Multi-node and security model
Farmslot is designed to run agent work across multiple machines while keeping execution observable, scoped, and operator-controlled.
A node can be a local machine, a remote macOS/Linux host, or any future machine that exposes the Farmslot node contract. Each node contributes one or more slots with explicit resources: repo path, ports, device/browser targets, tmux sessions, and runtime/artifact directories.
Multi-node model
The gateway decides what to dispatch and where. Nodes execute only within their configured slot boundaries.
Node communication
Farmslot supports a transport-agnostic node concept. The architecture can use:
- SSH transport for existing machines and fallback operations;
- node-agent transport for real-time presence, streaming, pairing, and RPC-style commands;
- local transport for slots on the same host as the gateway.

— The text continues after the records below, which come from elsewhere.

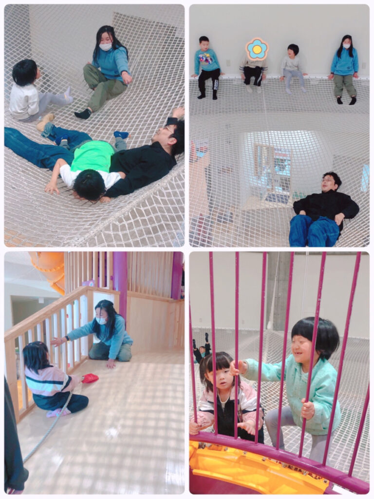 ☔️でしたが室内遊具で遊びました ✨ 13:00〜13:45の決められた時間でしたが、網の上で寝転んだり、滑りだいをしたり楽しみました。
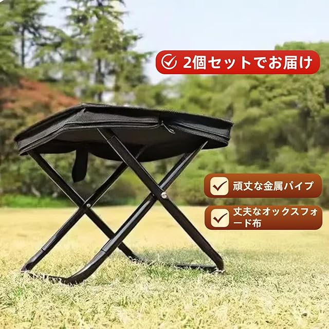【2個入り】折りたたみ椅子 折りたたみいす 折り畳み椅子 簡易携帯いす スツール仕様 軽量 コンパクト アウトドアチェア 持ち運び便利 キャンプ バーベキュー 釣り 観戦 屋外室内兼用 収納袋一体型 キャンプ用品 (ブラック)
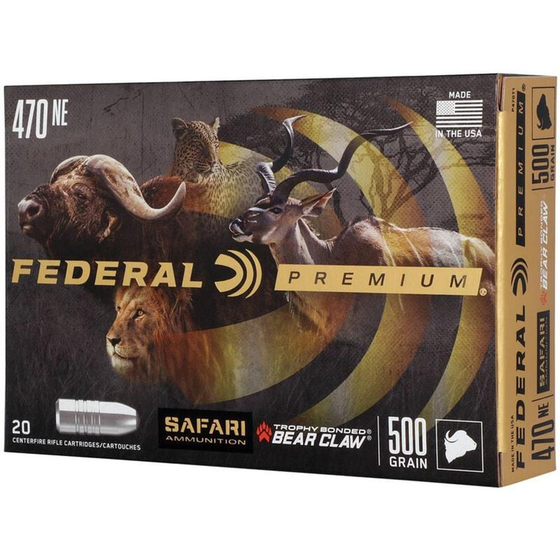 Federal Premium Safari Cape-Shok 470 Nitro Express 500gr Trophy Bonded Bear Claw Rifle Ammo, 20rd Box - P470T1
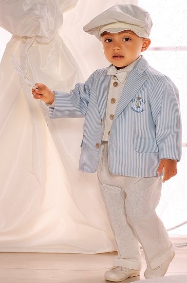 Комплект включает в себя: пиджак хлопковый, жилет, галстук-бабочка, брюки льняные, хлопчатобумажная рубашка, шапка.
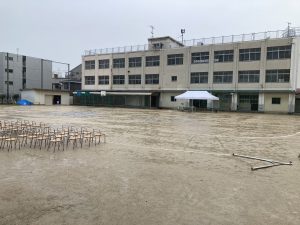 この調子だったら大丈夫そう!?と安心したのも束の間!15分の雨であっという間に校庭はこんな状態に(*_*)
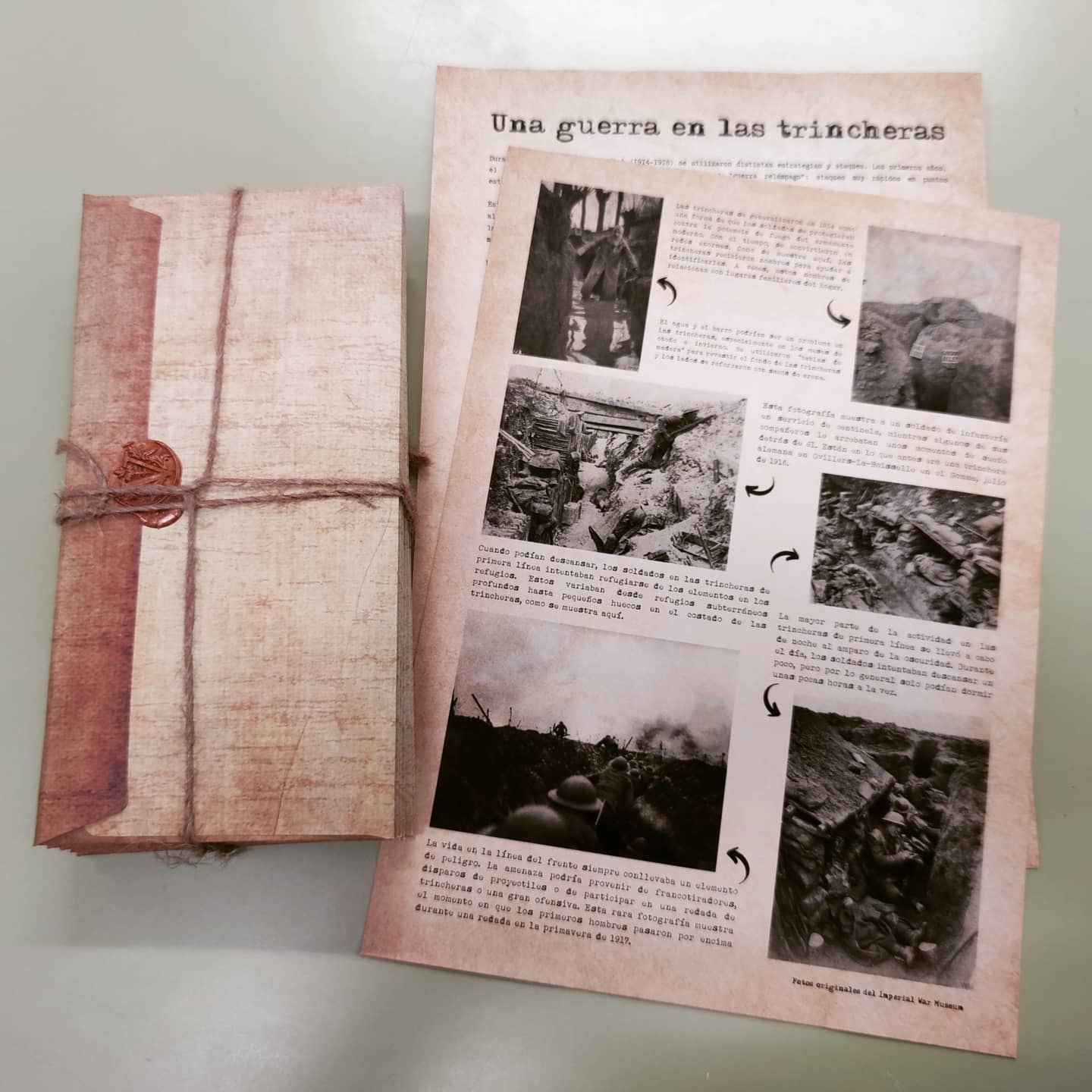 Durante la actividad, en diferentes momentos de las dos semanas de trabajo, a modo de misiones extra, el alumnado encontraba en el aula unos paquetes de cartas selladas con una información adicional y una actividad. De esta manera, mantenemos el interés por el juego y ampliamos los materiales de una forma diferente y lúdica. Las tres misiones tienen como contenido: la entrada de los EEUU en la Gran Guerra, la vida en las trincheras y los cambios que se dieron en las alianzas iniciales. En mi opinión, sigue siendo importantísima la estética para el juego y por ello reciben las cartas en papel envejecido, sobres lacrados y paquetes atados con cuerda.
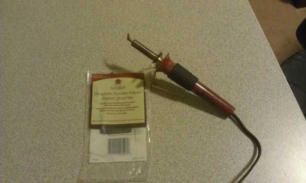 -Madera, cortado a la medida (yo prefiero usar pino. Es lo suficientemente suave como para quemar, pero no demasiado blanda como Basswood) -Papel de lija, grano 320 -Pluma pirograbado -Papel de transferencia grafito -Color -Tijeras -Cinta -Una imagen para quemar madera
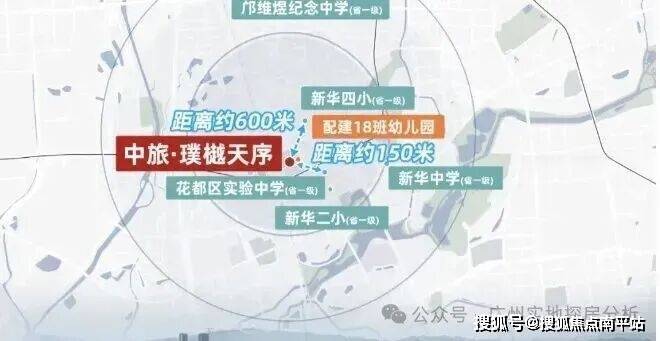 项目配建一所18班超大幼儿园,3公里范围内省一级新华四小、新华二小、新华三小、实验中学秀全外国语学校、新华中学等优质教育资源环伺项目对口的新华四小大概600米。
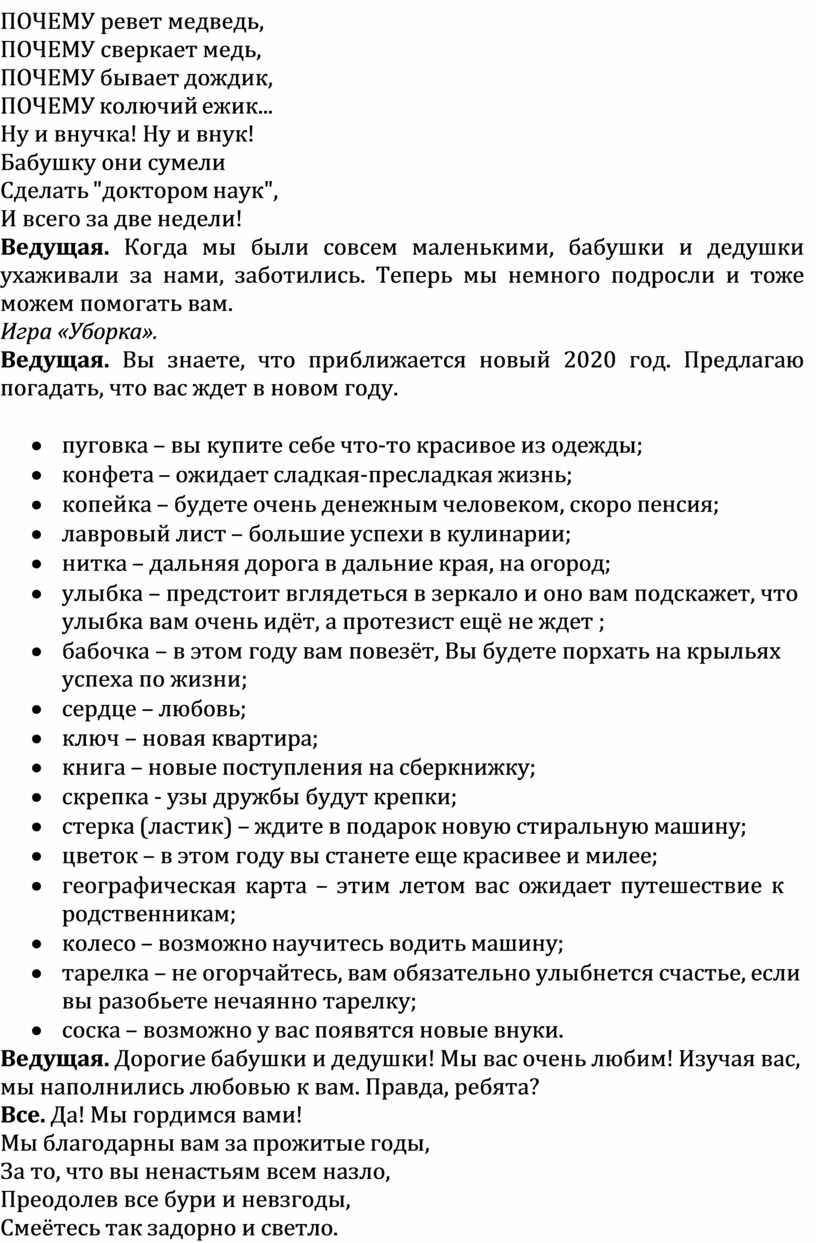 Ведущая. Дорогие бабушки и дедушки! Мы вас очень любим! Изучая вас, мы наполнились любовью к вам. Правда, ребята?

The product contract should be the same either way: the gateway invokes typed capabilities, not arbitrary UI-side shell commands.
Security goals
Farmslot's security model is based on scoped autonomy, not blind trust.
| Goal | Meaning |
|---|---|
| Explicit nodes | Machines must be declared, paired, or otherwise configured before use. |
| Explicit slots | Work runs in known repo/runtime paths with known ports and resources. |
| Project-owned hooks | Project behavior lives in project.json hooks instead of hidden gateway code. |
| Capability boundaries | Control surfaces request typed actions; they should not become unrestricted remote shells. |
| Human gates | Publication, destructive recovery, and high-impact decisions remain operator-visible. |
| Evidence preservation | Runs leave artifacts, terminal context, traces, and decisions for audit/review. |
| Least surprise | Local, remote, desktop, and mobile surfaces should show the same state and authority model. |
Pairing and trust
For a node-agent transport, first connection should require an explicit pairing step:
- Node starts with a gateway URL and machine identity.
- Gateway receives a first-connect request.

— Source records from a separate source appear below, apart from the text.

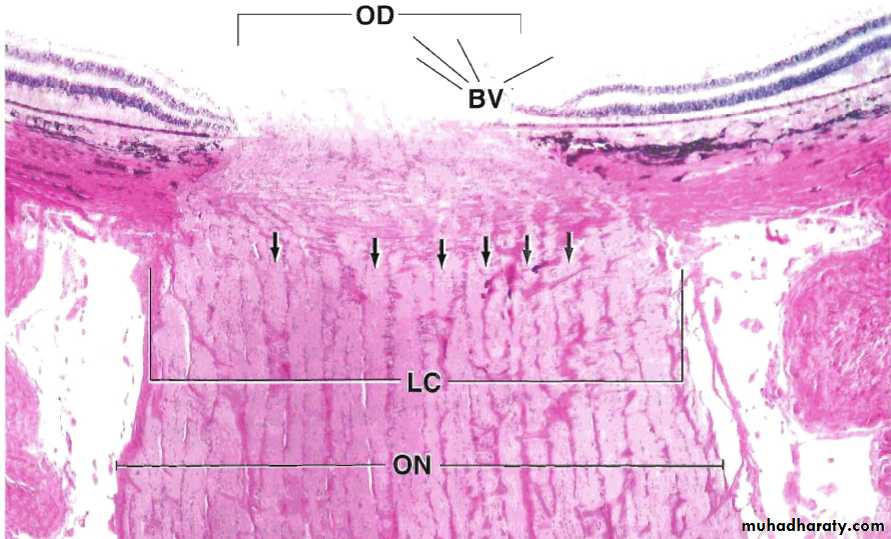 Human eye showing: OD optic disc,ON optic nerve, LC lamina cribrosa or cribriform plate, Arrows() are openings in the sclera for the ganglion cells to form the optic nerve, BV blood vessels .
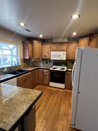 Spacious 4 bedroom, 2 bathroom house featuring a large living room with fireplace, updated kitchen, deck & yard, plus two car garage. Master bed with in-suit bath and closets in all 4 bedrooms. Washer/dryer located in the garage. There is parking available in the garage, two spots in front, and on the street in front of the house.
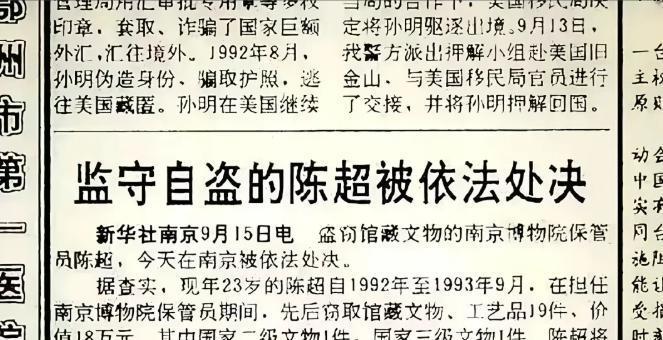 1994年,盗窃馆藏文物的南京博物院保管员陈超,在南京依法处决。在职期间,先后窃取馆藏文物、工艺品19件,其中国家二级文物1件,国家三级文物1件,他将盗窃的部分文物销赃后得款3万多元,全部挥霍无余。 1988年,20岁的陈超从南京一所中专毕业,他学的文秘档案专业,被分配到南京博物院,做文物保管工作。 在当时,能进博物院上班,每天接触国宝,是很多人求之不得的机会,但陈超没珍惜,反而盯上了手里看管的文物。 1990年,陈超还在试用期,他协助清点文物时,看到库房里有紫砂做的小核桃、小水果工艺品,一时没忍住,偷偷揣了几个放进衣兜。 这次没被发现,陈超的胆子越来越大,他慢慢摸清了库房的管理漏洞,进出虽要登记,但对内部人员检查不严格,文物清点也有盲区,少几件小东西,短时间内查不出来。 1992年12月,陈超要调离保管岗位,移交工作时,他趁接替的人不注意,从库房偷了一只玉鸳鸯壶,这件是国家三级文物,按当时物价,价值不少。 陈超很快找到人卖掉玉壶,拿到了第一笔大钱,尝到甜头后,他彻底收不住手。 从1993年3月到9月,半年时间里,他又先后偷了翡翠扳指、玉手镯、白玉刀等18件文物和工艺品,其中还有一件国家二级文物青玉含灵芝,价值很高。 他的作案手法很简单,利用自己保管员的身份,趁午休或者清晨提前到岗,把小件文物藏在衣服内袋或随身包里,带出库房。 库房门口只有一道保安岗,保安对内部工作人员没什么戒备,他每次都能顺利出去,偷来的文物,陈超全卖到了南京夫子庙、朝天宫的古玩市场,他不懂文物鉴赏,又急着换钱,很多珍贵文物都被低价收走。 这些卖文物的钱,他没存一分,全用来买进口音响、摩托车,还去深圳旅游,挥霍一空。 1993年下半年,南京博物院进行例行文物清点,工作人员核对后发现,19件文物不翼而飞,博物院立刻报警。 警方介入后,很快把怀疑对象锁定在内部人员身上,陈超作为曾经的保管员,自然成了重点排查对象。 一开始,陈超还想抵赖,但警方很快找到了他销赃的证据,在铁证面前,他只能交代所有犯罪事实,他坦言,以为库房文物多,少几件看不出来,就是想搞点钱花花,根本没意识到自己的行为有多严重。 1994年6月,南京市中级人民法院作出一审判决,陈超利用职务之便,盗窃国家珍贵文物,情节特别严重,构成盗窃罪,判处死刑,立即执行。 陈超当庭表示不上诉,经过最高人民法院核准,1994年9月15日,陈超在南京被依法处决,年仅23岁。 案发后,警方沿着陈超的销赃线索追缴文物,最终19件涉案文物全部被追回,没有造成永久性流失,之后全部归还南京博物院。 这起案件,也给全国文博系统敲了警钟,国家文物局随后下发通知,要求各地博物馆完善库房管理制度,堵住管理漏洞。 以上部分内容是小编个人看法,如果您也认同,麻烦点赞支持!有更好的见解也欢迎在评论区留言,方便大家一同探讨。
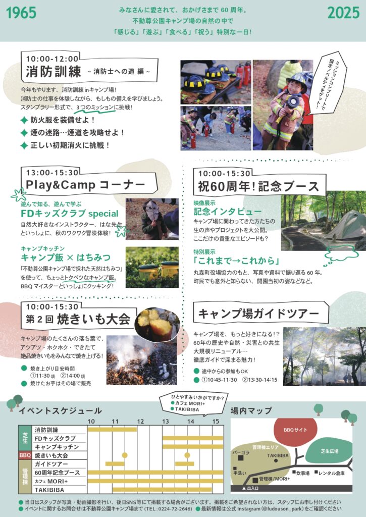 | 詳細 | 10:00-12:00 消防訓練(スタンプラリー形式!) 10:00-15:30 祝60周年!記念ブース キャンプ場ガイドツアー 第2回焼きいも大会 13:00-15:30 Play&Campコーナー ・FDキッズクラブ special ・キャンプキッチン ほか |
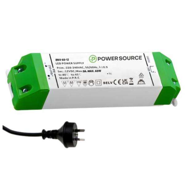 Power Source BNV-60-12-AUP 12V 60-WATT LED Driver with Australian Flex and Plug
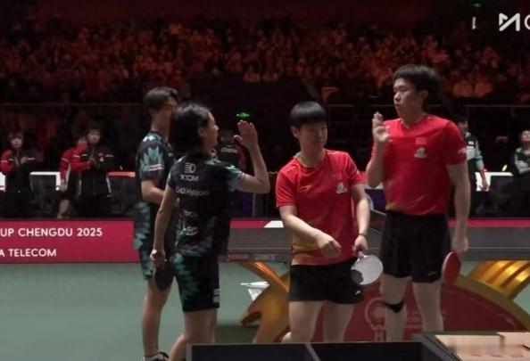 王楚钦紧急撤回一次击掌 2025年12月7日,成都,混团世界杯半决赛赛场,王楚钦和孙颖莎搭档出战混双,3比0击败韩国组合吴晙诚/崔孝珠,三局比分分别是11-9、11-8、12-10。赛后王楚钦一个撤回击掌的动作被传成路人干扰,实际就是他抬手位置没对准,怕碰到孙颖莎的头才赶紧收臂。这小细节能看出运动员的细心,完全没必要跟着瞎传谣言、乱解读 。

- Operator approves the node in a control surface.
- Gateway issues or stores a token for future reconnects.
- Node reports capabilities and slots.
This is safer than silently accepting any machine that can reach the gateway.
Command safety tiers
Not all actions have the same risk. Farmslot should treat node capabilities by the shared gateway safety tiers. In this architecture page, the important point is where those tiers are enforced: node capabilities stay typed and scoped, while lifecycle or high-impact transitions remain gateway-owned and policy-gated.
Mobile security posture
Mobile Companion should use the same gateway authority model as Command Center.

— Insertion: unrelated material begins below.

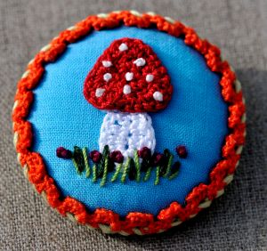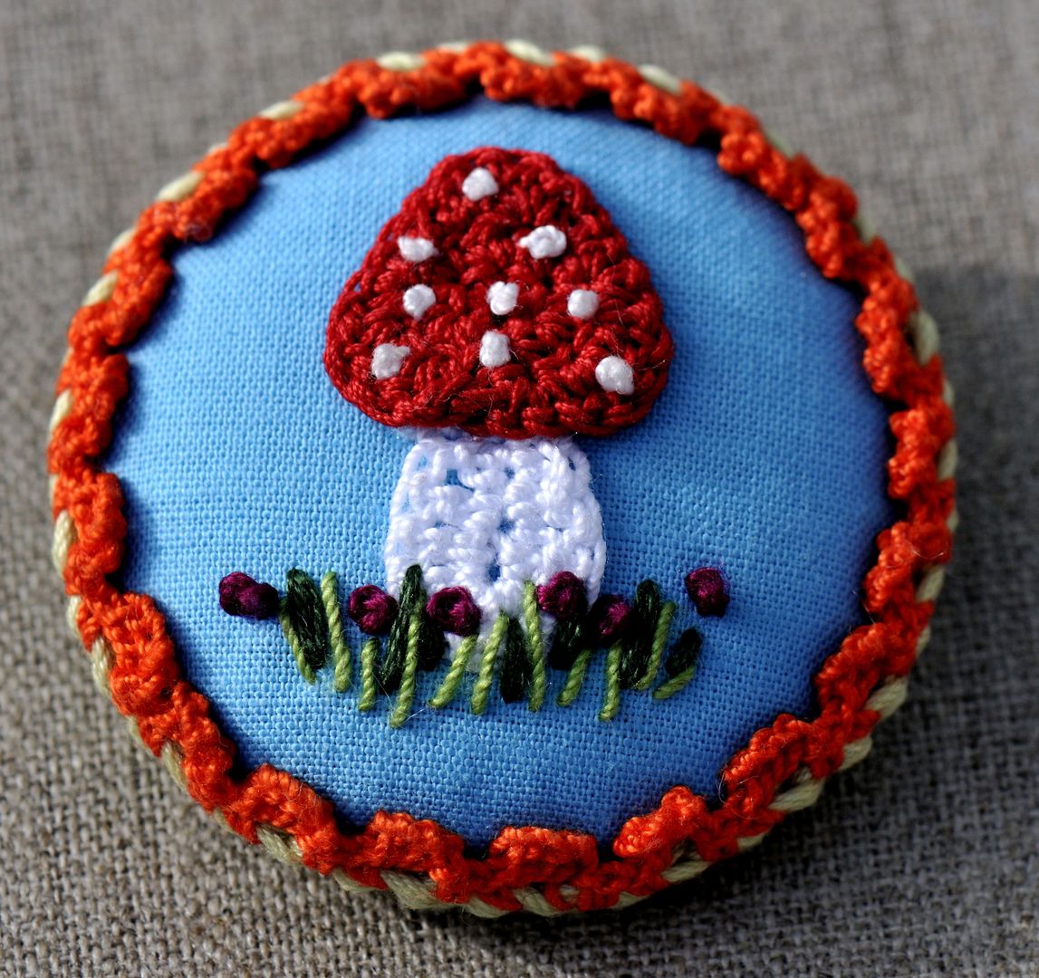 Toujours du crochet, des bouts de tissus, quelques aiguillées de coton à broder et des perles de rocaille.

Mobile can observe and steer workers, but it should not bypass gateway policy. A spoken nudge, a terminal shortcut, or an approval from mobile should become a typed gateway action with the same audit trail as the desktop surface.
Why this matters
Multi-node execution is what lets Farmslot scale beyond one laptop. The security model is what keeps that scale usable.
The product promise is: run many agents across many machines, but keep every worker visible, every action scoped, and every important decision reviewable.